Start of Data for this task

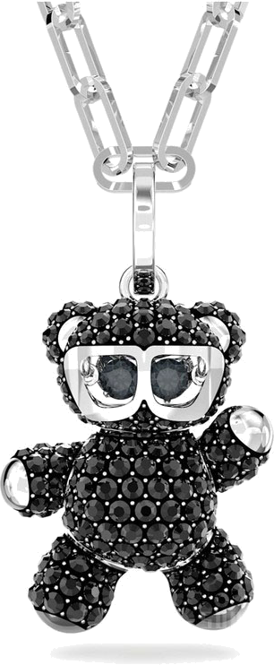 - Pendentif : Forme teddy bear entièrement sertie de cristaux Swarovski zirconium noir, taillés pour capturer la lumière.
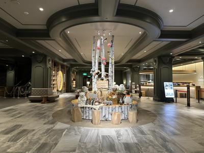ツリーのオーナメントがスタバのカップだったりフードのモチーフにしたもので可愛い。
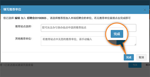 填写推荐您加入本场招聘会的单位,若无推荐单位直接点击完成即可。
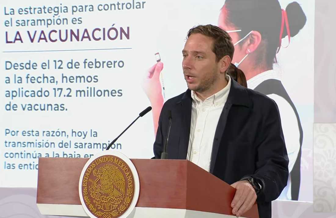 Los contagios de sarampión han mostrado una tendencia a la baja gracias a la vacunación en todo el país. En las últimas cuatro semanas, la velocidad de contagio del virus se ha reducido de manera significativa en las 32 entidades, pasando de 220 casos diarios registrados en febrero a cerca de 80 contagios por día en el corte más reciente. El brote tuvo sus primeros focos en el estado de Chihuahua y alcanzó su pico de contagio en el norte del país.
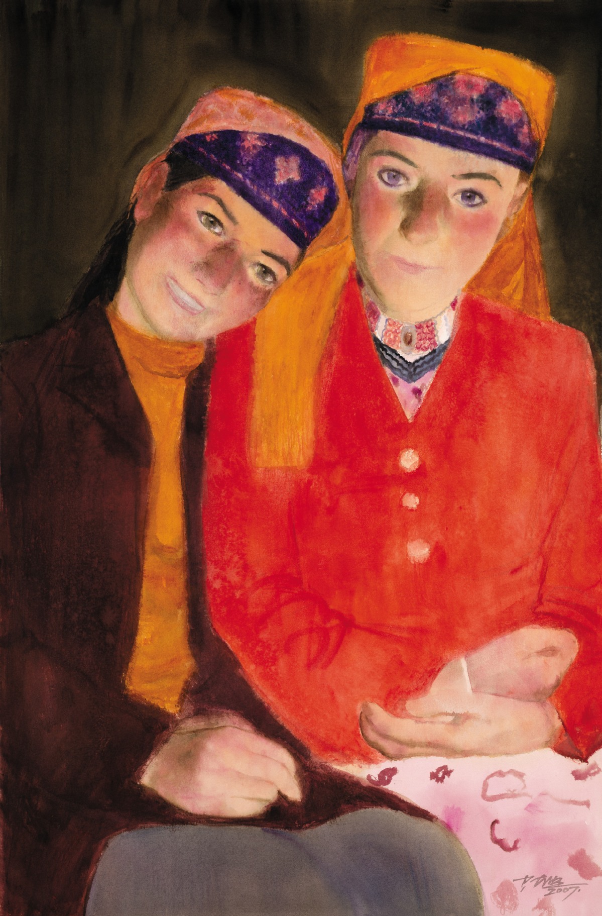 陈坚的作品之所以动人,还在于其背后深厚的情感温度,他笔下的塔吉克人不是被“观看”的对象,而是与他共同生活的亲人。在《塔吉克两姐妹》中,两位少女的眼神清澈而坚定,仿佛能听见她们的低语、感受到心跳的节奏。画家不是在“画模特”,而是在“画人物”,画面中投射出人物的情感与内心,成为艺术家对生命尊重与理解的体现。
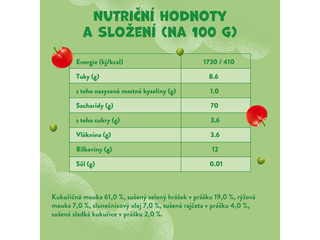 Zloženie : kukuričná múka 61,0 %, sušený zelený hrášok 19,0 %, ryžová múka 7,0 %, slnečnicový olej 7,0 %, sušené paradajky 4,0 %, sušená kukurica 2,0 %.
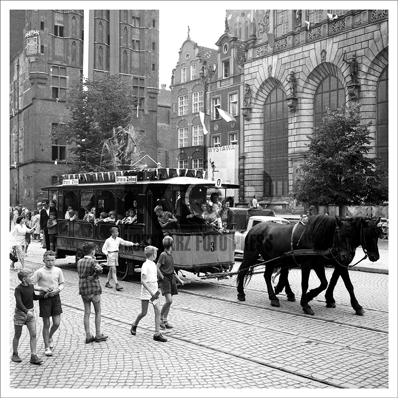 Konny tramwaj na Długim Targu w Gdańsku. Lata 60. Fot. Zbigniew Kosycarz
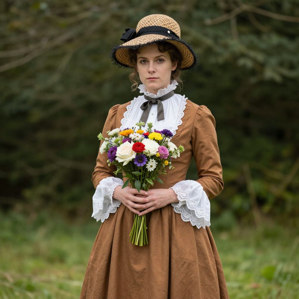 Victorian Flower Seller Costume, woman in a brown skirt and hat holding a bouquet of flowers
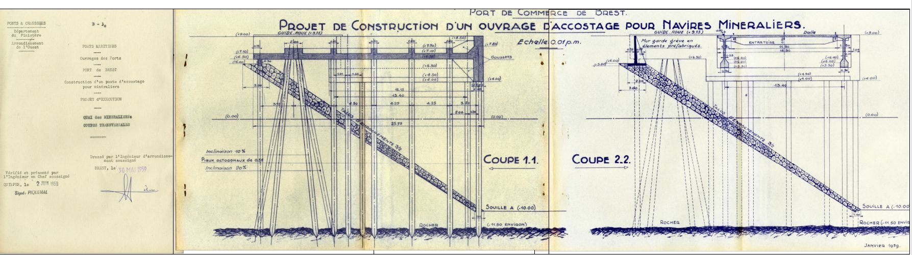 Coupes transversales du quai Minéralier, dressées par l'ingénieur Piquemal, mai 1959 (Ponts-et-Chaussées, département du Finistère, projet d'un ouvrage d'accostage pour navires minéraliers)Immatriculation

End of Data for this task

#### Assignment
Set down word for word the lines from the first entry through the line with "填写推荐您加入本场招聘会的单位,若无推荐单位直接点击完成即可。", both included, omitting pictures.

#### Answer below
 - Pendentif : Forme teddy bear entièrement sertie de cristaux Swarovski zirconium noir, taillés pour capturer la lumière.
ツリーのオーナメントがスタバのカップだったりフードのモチーフにしたもので可愛い。
 填写推荐您加入本场招聘会的单位,若无推荐单位直接点击完成即可。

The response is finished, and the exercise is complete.